## WHAT IS NEEDED
From the records below, print only the part that opens with the line containing "-70%Blue Angel Sweet" and closes with the line containing "Feature :Punk Rock"; omit the pictures.

## DATA SECTION

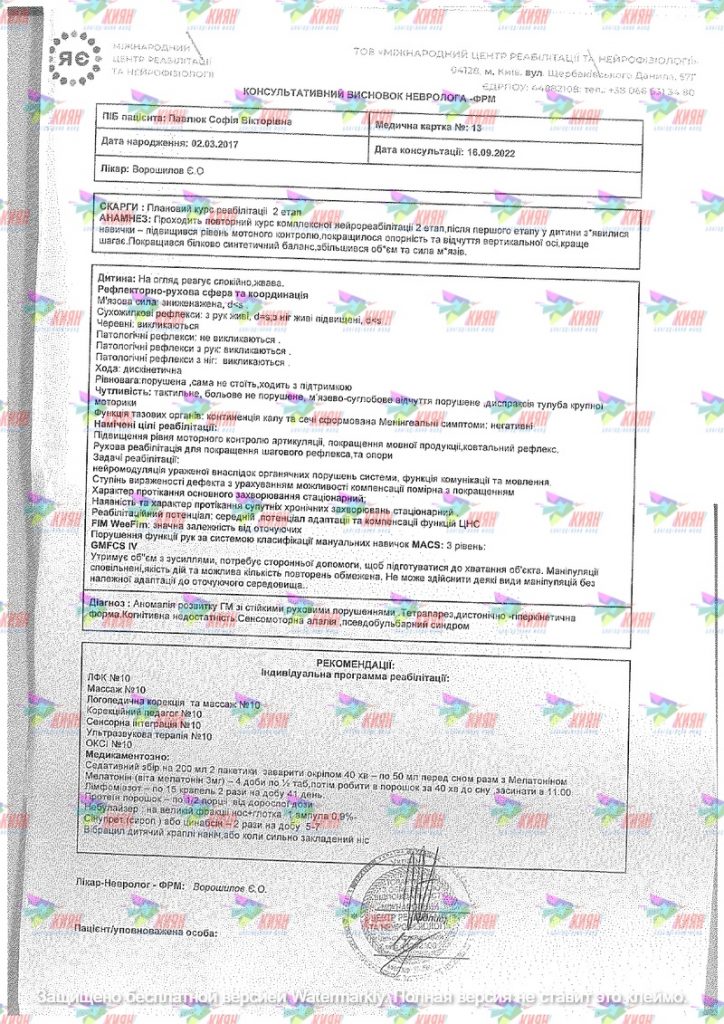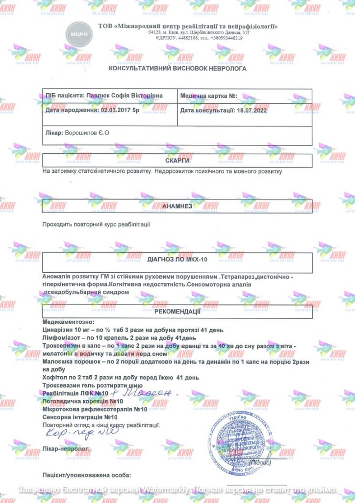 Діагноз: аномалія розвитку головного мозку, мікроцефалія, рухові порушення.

* * *

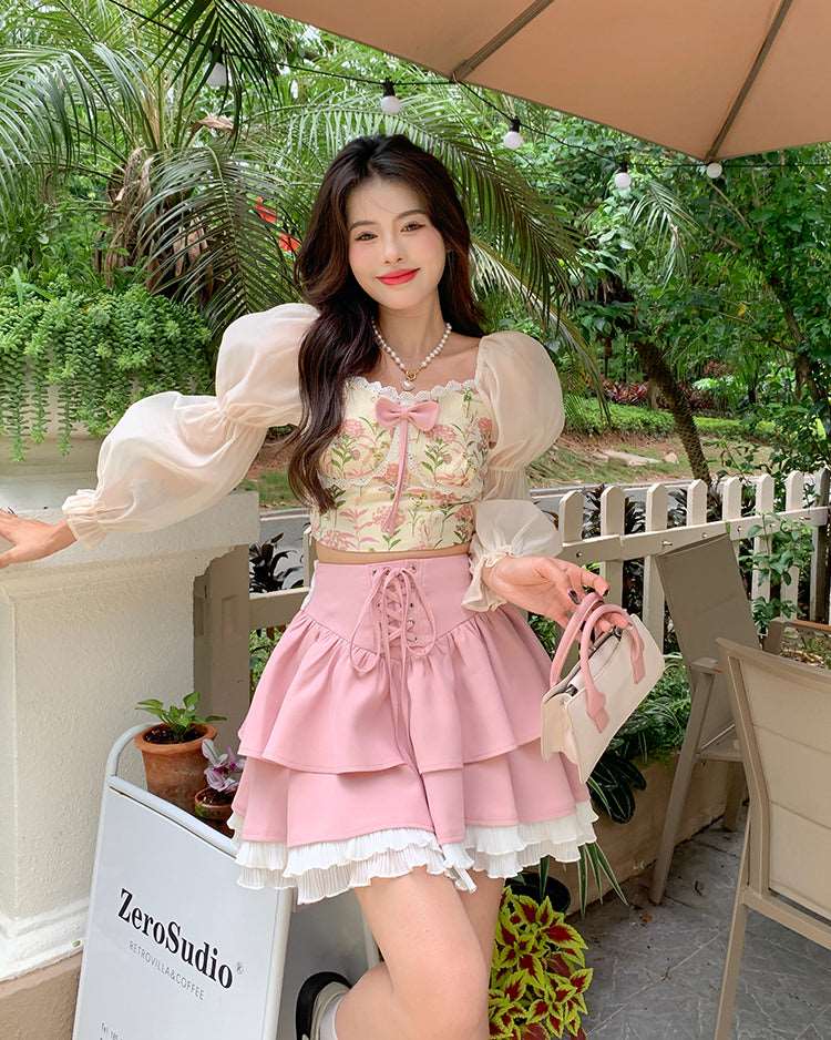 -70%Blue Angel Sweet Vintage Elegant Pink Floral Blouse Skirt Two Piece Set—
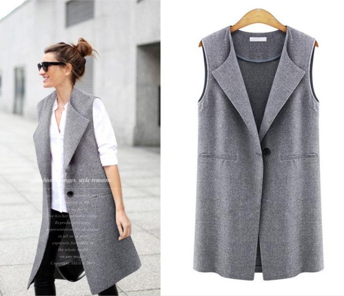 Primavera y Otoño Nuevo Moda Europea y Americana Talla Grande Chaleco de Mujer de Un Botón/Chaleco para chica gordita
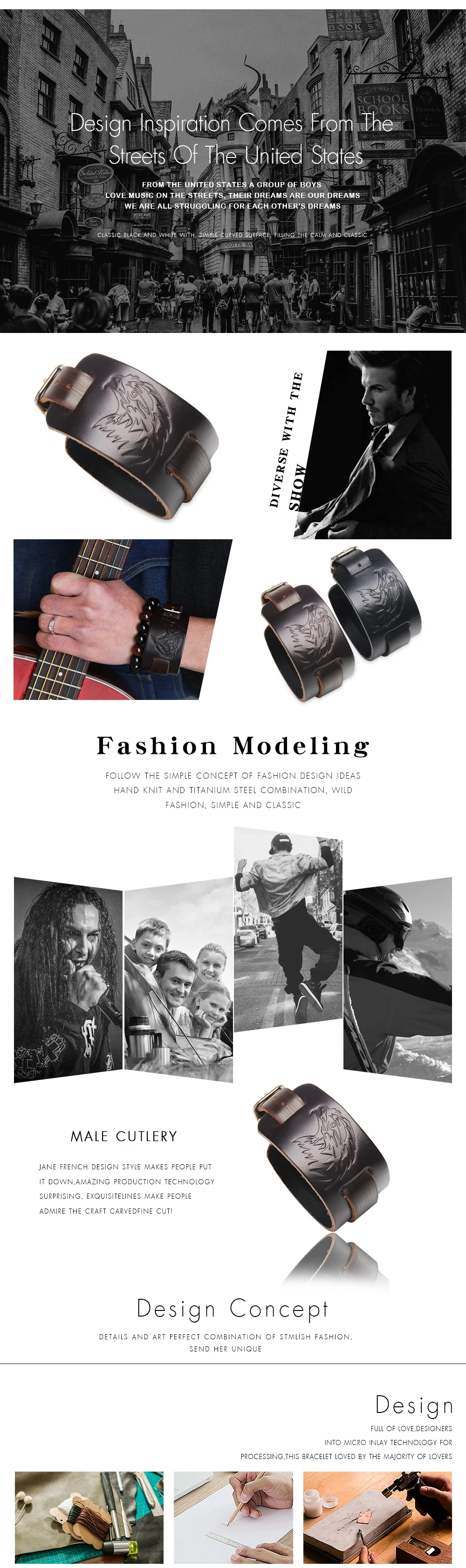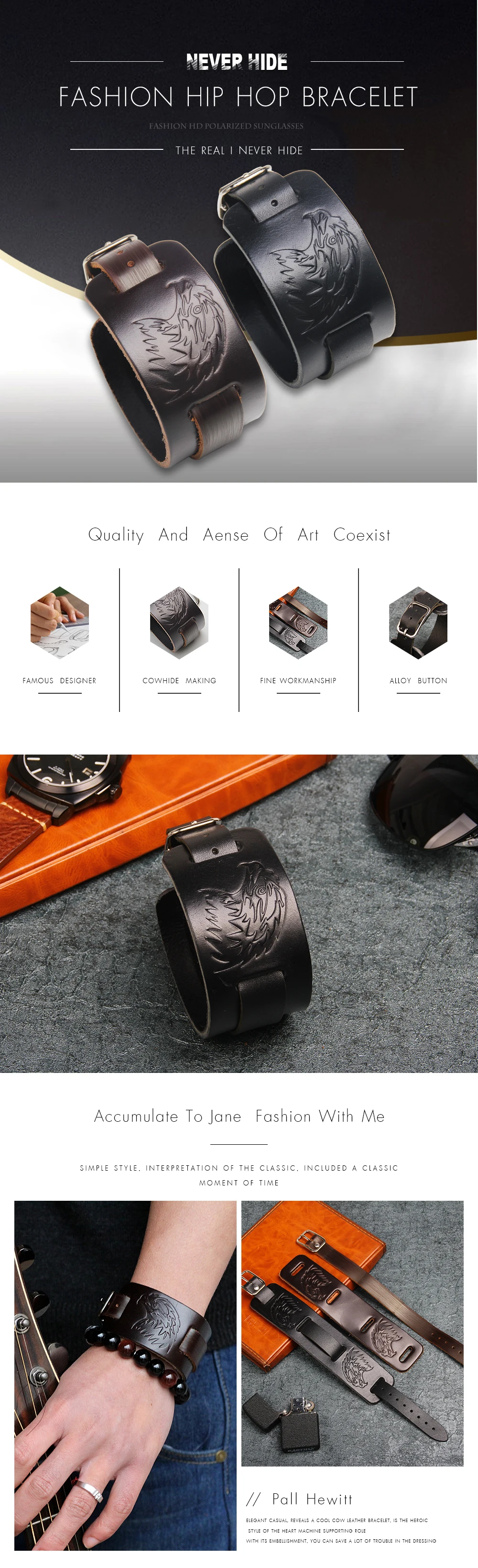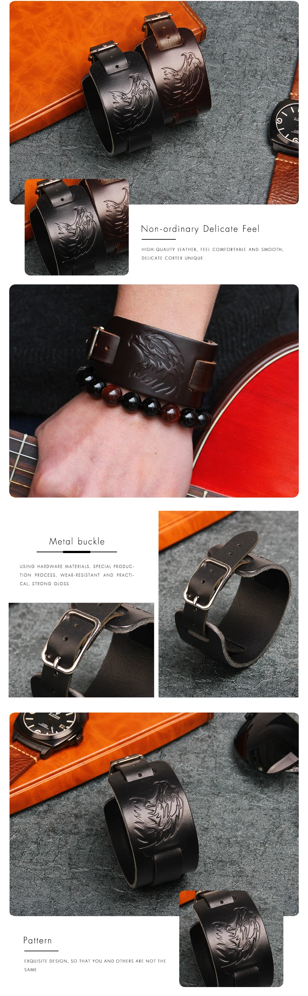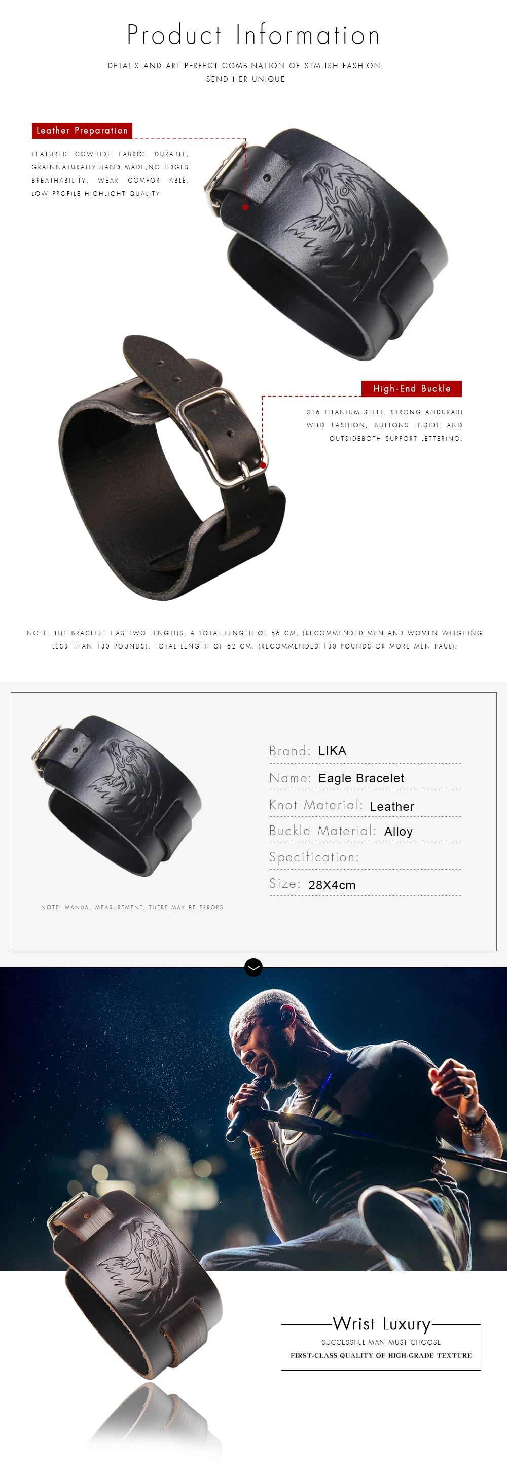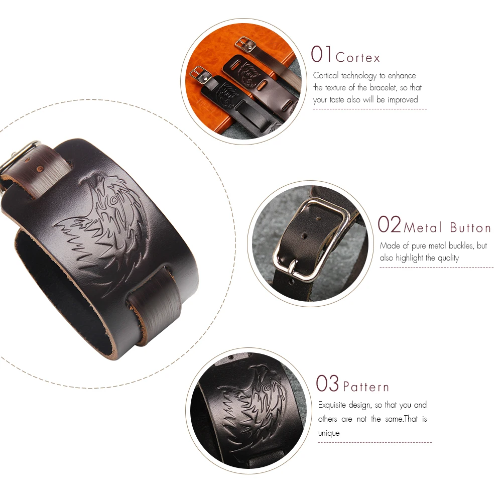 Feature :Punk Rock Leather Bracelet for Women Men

## EXPECTED ANSWER
 -70%Blue Angel Sweet Vintage Elegant Pink Floral Blouse Skirt Two Piece Set—
 Primavera y Otoño Nuevo Moda Europea y Americana Talla Grande Chaleco de Mujer de Un Botón/Chaleco para chica gordita
 Feature :Punk Rock Leather Bracelet for Women Men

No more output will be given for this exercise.